School has been rather tricky for us to navigate. Leah, who would be in preschool here, is for now going to stay home with Kurt. Norwegian preschool, called a ‘barnehage’ (translated into children’s garden) is difficult to get into. It didn’t help that word of the Fulbright and the negotiations with UT all wrapped up after the majority of the application deadlines. So the majority of our inquiries were answered tersely with instructions that we had missed the deadline. Where a child goes also depends on where they live, so we have opted to just keep her home for now and investigate more once we are there.

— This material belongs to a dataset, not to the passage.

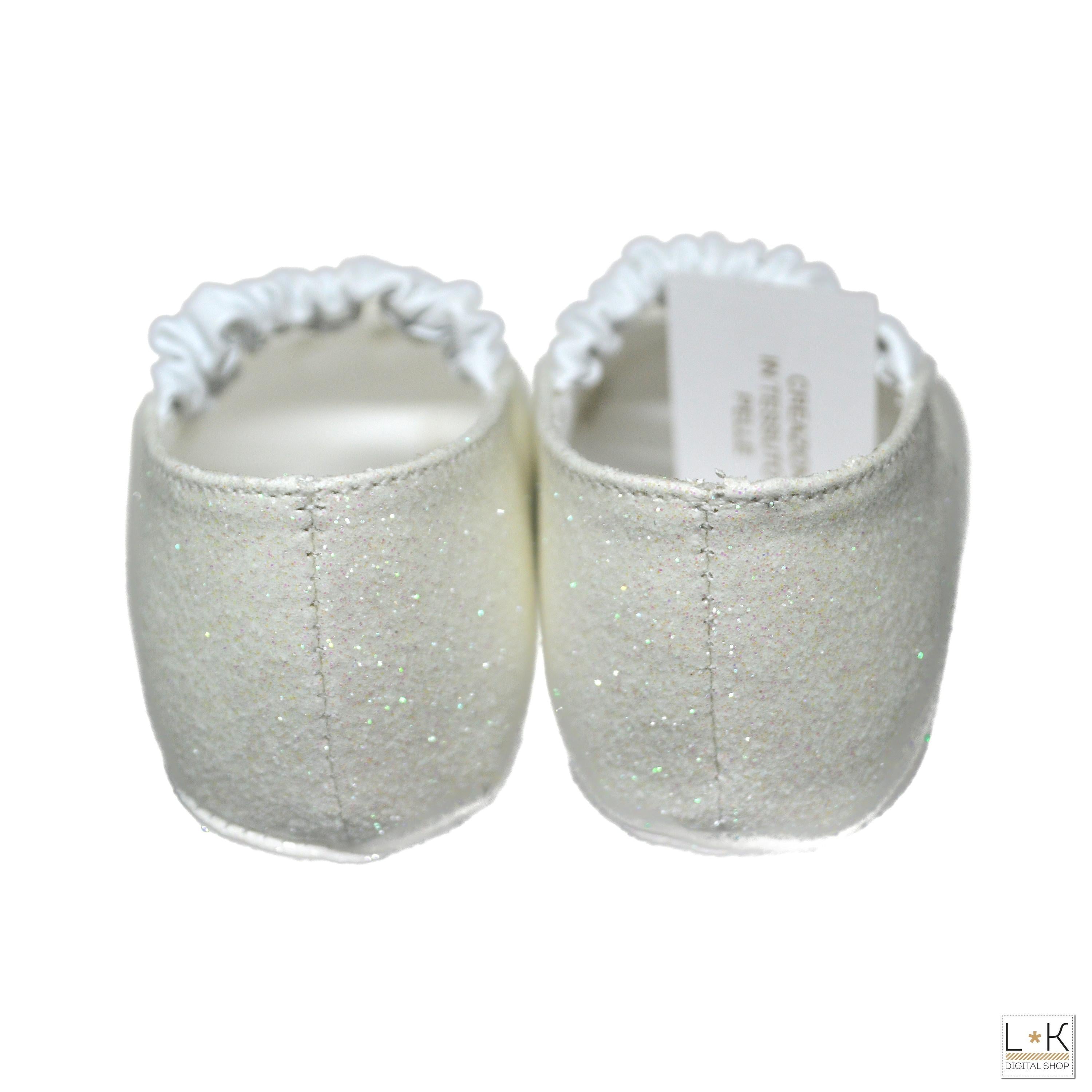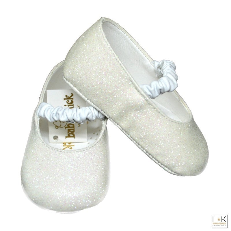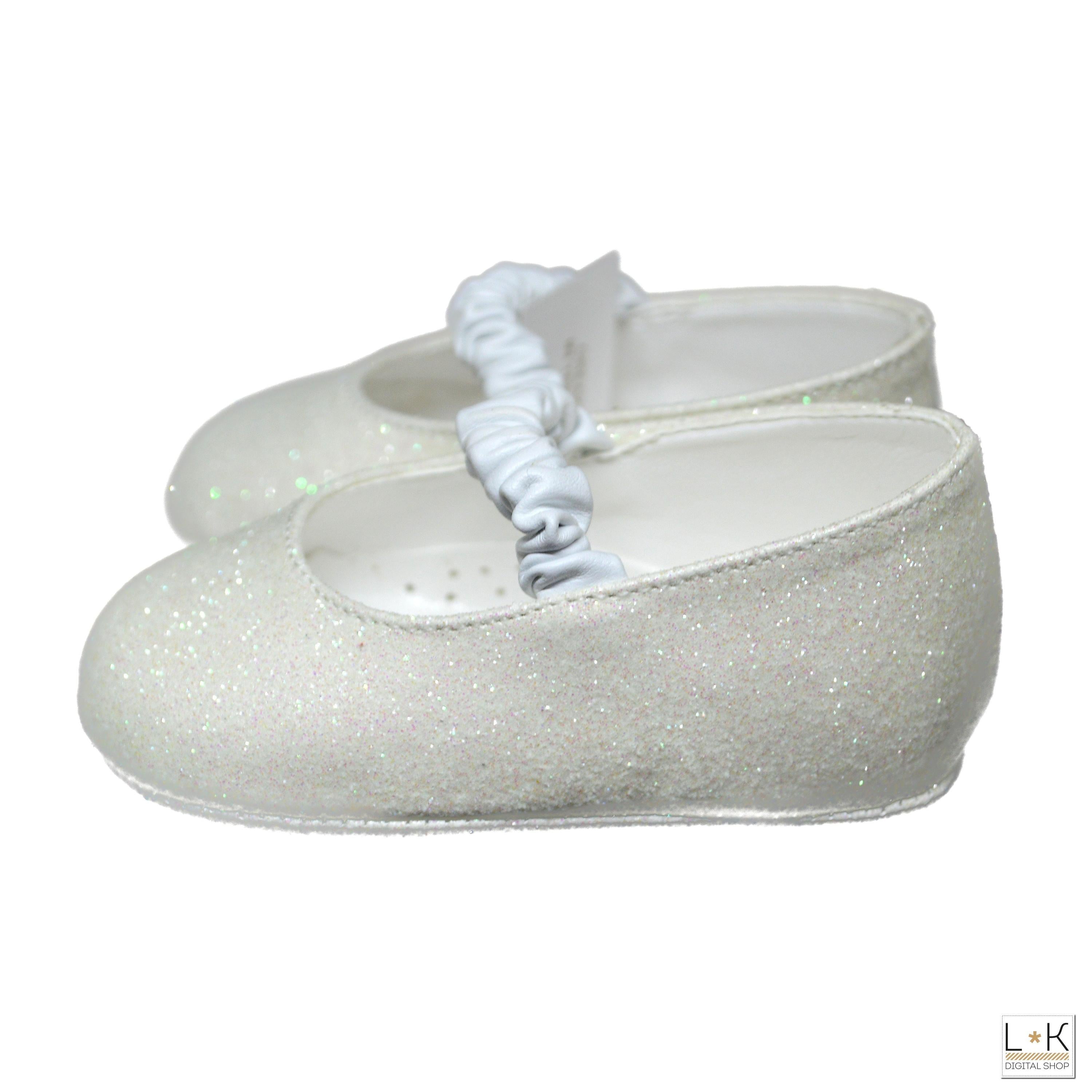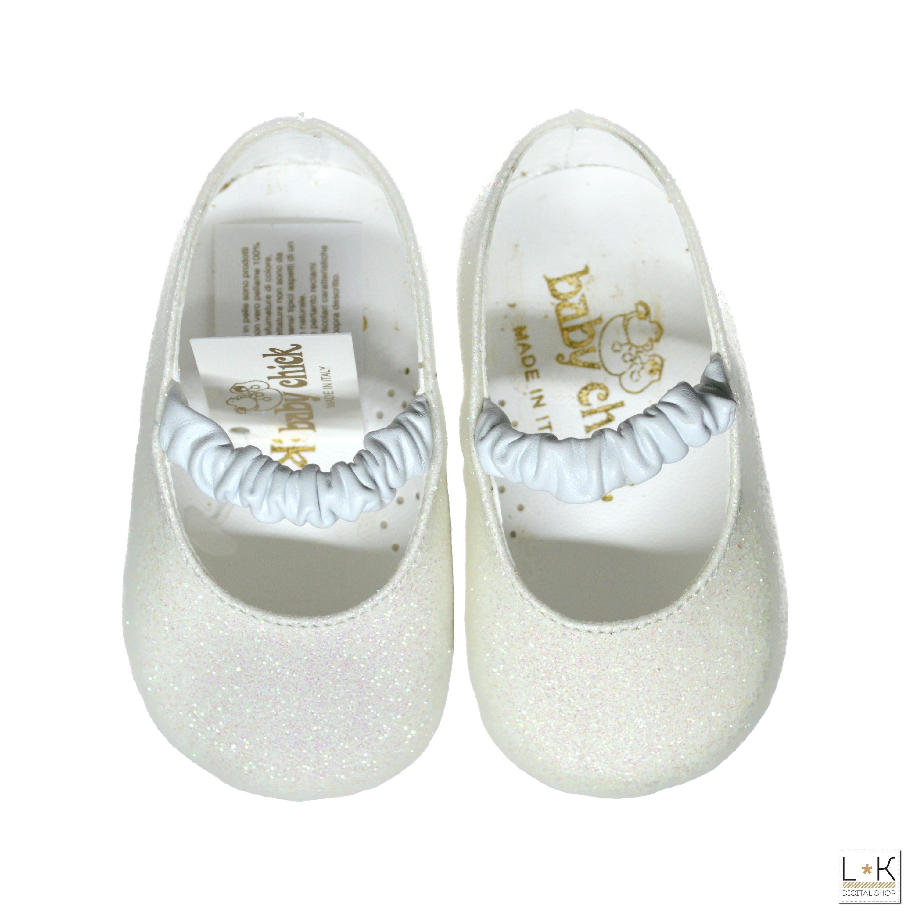 Ballerina aus echtem Leder 100 % Glitzer mit Riemchen auf dem Spann

As for the boys, we first searched out the International School that provides education in English and is attended by many children of diplomats and businessmen from English speaking countries. However that option screeched short when we found out the tuition translated to $30,000, for one student. Next. We then began a deep dive into other people’s experiences and between a local Norwegian mom with three kids and the school experiences of several former Fulbrighters to Norway with school-aged kids, we were able to piece some things together:

  • Kids start school in 1st grade, which is equivalent to our Kindergarten
  • Non-native speakers who start 1st, 2nd, or 3rd grade are put right into a Norwegian speaking class
  • Non-native speakers from 4th grade up are placed in reception classes where they do not mainstream with the Norwegians their age and are given instruction in their native language with emphasis placed on learning Norwegian
  • Most students speak English fairly well by 5th grade and fluently by high school graduation (Norwegian is the native language) and many welcome the opportunity to speak it with native speakers
  • There are fewer private schools in Oslo than in the States, focusing mainly on language immersion (French, German) or pedagogical philosophies (Waldorf, Montessori, Steiner)
  • Home-schooling is not a popular option
  • Grades are not given in grades 1-5, only detailed teacher comments

We thought briefly about pursuing the German immersion school. The boys have both attended the German Saturday School here in town, Ethan for 5 years and Reid for the past two. And while this opportunity would have put them farther ahead when they returned, we thought that it might not enable them to be immersed in the Norwegian culture. We have since learned that German is a good head start to learning Norwegian and in talking with the boys, they too seem more interested in the option of a Norwegian public school. So we zeroed into that option knowing that the German school would be an option if Norwegian school does not work out.

Ila Skole

The concept of school zones seem to both exist and not exist in Oslo. While we were getting advise that we should be able to pick any school, we were told by the schools they could not grant acceptance until we had a place to live and showed that we lived in the school zone. We juggled several living arrangements while making school inquiries. Finally a school that replied with acceptance for both boys. So we quickly pulled the trigger on a lease for that apartment, wired over the deposit, only to then received an email stating that the boys may have to split up because the reception class for Ethan was at another school and that other school couldn’t take Reid.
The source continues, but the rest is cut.